A short explanation of median and percentiles values ( for days to approval)
In statistics, the median value of a set of ordered data is the middle number in the set. In other words, 50% of the data points will be lower than this value, and 50% will be greater than this value.
So in our report, we look at all of the loans approved over a period of time, and we sort them from fastest to slowest.
We then find the middle loan in the list, look at how many days it took for it be approved - and this is the median value. This is sometimes referred to as the 50th percentile.
Another way of saying this is that 50% of the loans approved were approved by the median number of days or faster, and 50% of loans took longer than the median number of days.
Similarly, the 25th Percentile is the time taken for fastest 25% of the loans to be approved, and the 75th Percentile is the time taken for fastest 75% of the loans to be approved.
Why use the Median Value and not the Average?
Where you have data sets where there may a few extreme values, (ie, loans that have taken a really long time to approve) the average value can often be quite different to the median, and in fact be quite misleading.
Often, the median is a more "typical" representation of a set of data than the average of the data.
If you'd like to learn more about this topic check out this article in Wikipedia.
Here's a snapshot of the Dashboard with Connective Essentials highlighted.

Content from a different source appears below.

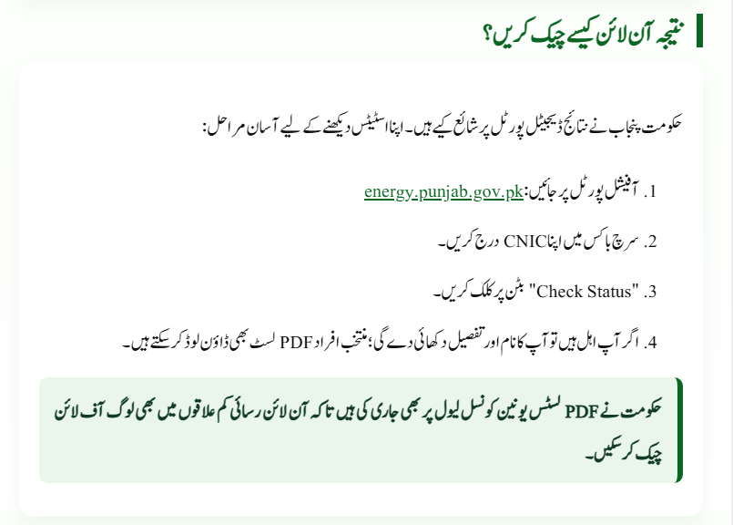 You can check your result by visiting the official website https://energy.punjab.gov.pk and entering your CNIC number.

The table on the left shows data for all loans approved in the last 28 days by all lenders who report this data to us.
The table shows:
- the name of the lender
- the median days to approval for all loans approved in the nominated period
- the number of loans approved in the nominated period
The boxes on the right show the specific data for the selected lender broken down further into both smaller and larger percentiles.
Focusing on Connective Essentials, it shows:
- the number of loans approved by Connective essentials is 168
- the number of days taken for the fastest 50% of loans to be approved by Connective essentials is 13 days.
- 75% of the loans approved by Connective Essentials in the last 28 days were approved within 21 days or less.
The numbers are also colour coded as follows:
The median approval time shades from green (low number = fast) to red (high number = slow).
The number of loans shades from red (low number of approvals) to green (high number of approvals) - the reason for this is that the higher the number of approvals, the more meaningful the median approval time will be.